Since December 2017, the Tennessee Department of Health has seen about 3,000 confirmed cases of Hepatitis A.

The vaccine is a two dose series and health officials are urging people get the second one for a life-time of protection.

Last July, the Tennesse Department of Health estimated about 500 McDonald’s customers were affected by the hepatitis a outbreak, and provided free vaccines for anyone who may have visited the restaurant.

“Tennessee is, unfortunately, part of a multistate outbreak of Hepatitis A. It has affected more than 30 states across the country,”. Dr. Michelle Fiscus, MD said.

Dr. Fiscus said the outbreak has affected high-risk people like the homeless or using drug injections.

“For individuals that got one dose of vaccine, they should get a second dose in six months. That should confirm a much longer immunity,” Dr. Fiscus said.

Erik Larson ate at the McDonald’s around the time of the outbreak.

Larson explained, “They told us that this would be the first of two and we would need a second after six months and that would be free as well, just to come back sometime after February.

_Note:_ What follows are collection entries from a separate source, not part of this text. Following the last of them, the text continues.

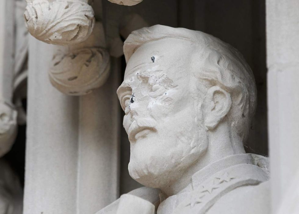 A vandalized statue of Robert E. Lee has been removed from the Duke University chapel. (Sara D. Davis/Getty Images)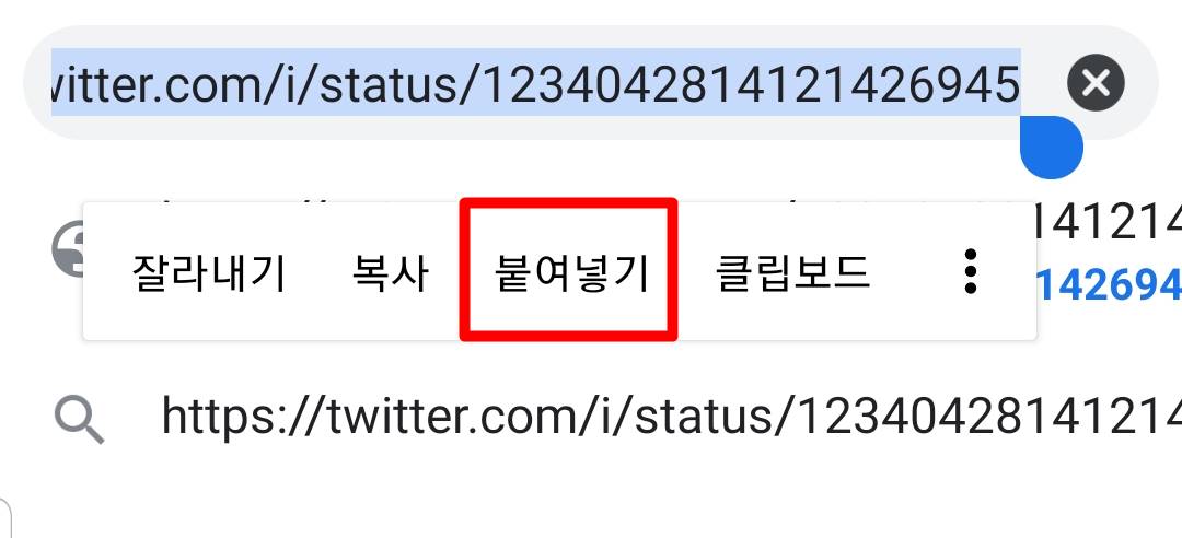 그다음은 인터넷 주소창에서 ctrl + v를 눌러주는 것입니다. 이것은 아시다시피 붙여넣기로 복사해두었던 트위터 동영상 주소가 표시되게 됩니다. 여기까지 만들어주시고 엔터는 누르지 말고 대기해주시길 바랍니다.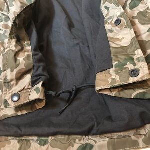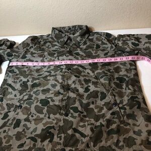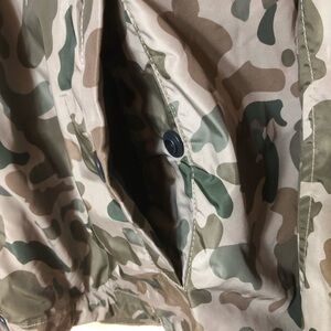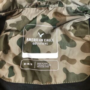 American Eagle Men's Lightweight Camouflage Jacket, Lined Windbreaker, Medium, Olive in color although photos look more brown, NWOT, drawstrings for better fit, pet/smoke free home, Stay stylish and comfortable with this men's camouflage jacket. Perfect for outdoor adventures.
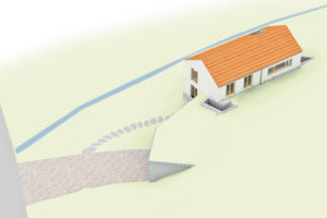 Stavební pozemek se nachází na okraji stabilizované zástavby historického jádra obce. Pozemek v jeho severní polovině protíná potok, vytékající z návesního rybníku, který vytváří širší koryto. Koryto je osázeno vzrostlými smrky, které vytváří na stavebním pozemku výraznou optickou bariéru.

He said the health department told him he would have to pay for the second vaccine.

“I don’t have the $85 and I shouldn’t have to have the $85 when someone else exposed me to this,” Larson said, “I feel like, under the circumastances, the shot should be provided.”

News Channel 11 reached out the the Tennessee Department of Health for Northeast Tennessee who released this statement:

“At this time, the priority is to provide one dose of vaccine to anyone determined to be at-risk. A second dose should be administered six months after the first dose to complete the series, and individuals who are due for their second dose are encouraged to receive that dose through their medical provider, local pharmacist, or health department.”